Читаем без скачивания Колдуй, баба, колдуй, дед. Невыдуманные истории о жизни и смерти - Наташа Хабибуллина
Шрифт:
Интервал:
Закладка:
В коридоре меня уже поджидал соседский мальчишка Вовка. Катая по полу игрушечный грузовик, и старательно тарахтя за него, Вовка бубнил:
– Мамка сказала, что если вы с бабкой еще раз сюда припретесь, она скажет папке, чтоб он вас с лестницы спустил.
Из кухни появлялась Вовкина мать – худая нервная женщина с вафельным полотенцем, перекинутым через плечо:
– И когда уже ваша старуха сдохнет, – шипела она, вытирая полотенцем тарелку, – место только занимает.

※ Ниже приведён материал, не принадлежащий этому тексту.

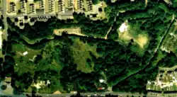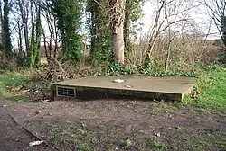 Beneath the park lie several WW2- and Cold-War era tunnels and bunkers. In the late 1930s the Admiralty sank a deep reinforced "Combined Headquarters" (ACHQ) bunker into the chalk near the Lower Lines (contracted to Francois Cementation Co.)[31][32] This tunnel complex housed the Commander-in-Chief, Nore (Chatham) from December 1939 onward. Its concrete-encased plotting room and entrances survive (now sealed); outside, two sealed doorways set into the ditch brickwork mark the secondary entrance and escape exits of that bunker.[33] The tunnels served as the Naval Reserve HQ (HMS Wildfire) into the 1960s, after which they were damaged by fire and deliberately sealed to preserve them. Medway Road anti-tank obstacles ("dragon’s teeth" or "pimples")[34] guard the park's southern edge, and several have been listed Grade II for their historic value.[35][36] Throughout the park one can see relics of 19th-century siege-train training. Excavations have revealed counterscarp galleries and countermine chambers leading from a bastion into the surrounding ground.[37] The Royal Engineers – whose barracks were adjacent – used the Lower Lines for practice, even installing experimental devices here. In fact, an archaeological report noted two prototype 19th‑C electric searchlight emplacements on the Lower Lines, reflecting the Royal Engineers experimenting on defense technology.[38] One such searchlight mounting (now just a concrete pit) still bears a WW2‑era carving: "P.O. WIDLEY – DEC 1941" is etched into its interior concrete.[39] Anti-aircraft gun emplacements once dotted the ramparts as well; their concrete bases partly survive, though most were buried or demolished. For example, two 12-pounder naval deck guns were mounted on the ramparts in 1940, and concrete platform remnants can still be seen.[40]

Чего вы с ней возитесь, все равно комната нашей будет! Скорей бы уж…
– Сдохнет, сдохнет, – повторял глупый Вовка, приплясывая рядом с матерью и показывая мне язык.
Мне вдруг почему-то стало невыносимо жаль тетю Дусю. Я представила, каково ей живется одной в темной комнате, больше похожей на чулан с пауками. Да еще с такими вредными соседями.

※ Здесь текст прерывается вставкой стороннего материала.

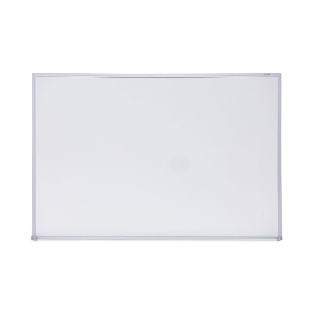 Aluminum framed, sleek and modern melamine board that’s built with added strength and durability. The writing space is encompassed with a simple, classic, slim-line frame design that fits in with any office or workspace. The smooth, melamine surface is great for meetings and presentations. Full length integrated maker tray. Mounts horizontally with included hardware. Dry erase markers and eraser are sold separately.

– Фашисты! – заорала я, и, схватив с полу Вовкин грузовик, что есть силы грохнула его об стену. Грузовик разлетелся на мелкие кусочки.
Я была готова кинуться на Вовку и его злюку-мать с кулаками, но тут на шум в коридор выскочила бабушка и поспешно затолкала меня в комнату. Я слышала Вовкин басовитый рев и вопли его матери:
– Психованная! Платить теперь будете!
Цветы растут сами
Когда тетя Дуся умерла, соседи позвонили деду и сухо велели прийти за вещами.

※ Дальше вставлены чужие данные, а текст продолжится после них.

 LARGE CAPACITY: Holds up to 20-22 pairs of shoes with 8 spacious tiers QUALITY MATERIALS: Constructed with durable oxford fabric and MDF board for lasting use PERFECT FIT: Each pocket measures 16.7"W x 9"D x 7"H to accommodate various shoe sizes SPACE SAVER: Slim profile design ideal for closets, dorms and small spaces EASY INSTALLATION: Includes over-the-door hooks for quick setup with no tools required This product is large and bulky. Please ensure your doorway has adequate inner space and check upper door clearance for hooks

Обычный телефонный звонок, никаких колокольчиков. Но я упрямо продолжала верить в некий таинственный звонок «оттуда». И даже потом, много лет спустя, когда в семье умирал кто-то близкий, я всегда безошибочно узнавала этот звонок. Его невозможно спутать ни с каким другим. Тревожный, резкий, беспощадный – не звонок, а набат, от которого обрывалось сердце и перехватывало дыхание в груди. Хотелось спрятаться, убежать, заткнуть уши – нет, нет, только не это! Не сегодня! Не сейчас! Но бежать было некуда – телефон звонил и звонил. Я снимала трубку, и в который уже раз выслушивала то, что и так знала за мгновение до звонка: «Ваша мама, отец, сестра…»
…На могиле тети Дуси поставили простой деревянный крест. Об этом перед смертью просила сама покойница. Еще просила не сажать ни цветов, ни деревьев, сказала: все, что мне нужно придет само. И верно – никто никогда не сажал на тетидусиной могиле цветов. Ирисы и ландыши росли на ней сами. Сами по себе занялись вишня, слива и другие плодовые деревца. Причем росли они так ровно и аккуратно, словно чья-то невидимая рука заботливо рассадила их по углам земляного холмика. А сколько на могиле было дикой клубники – целые россыпи!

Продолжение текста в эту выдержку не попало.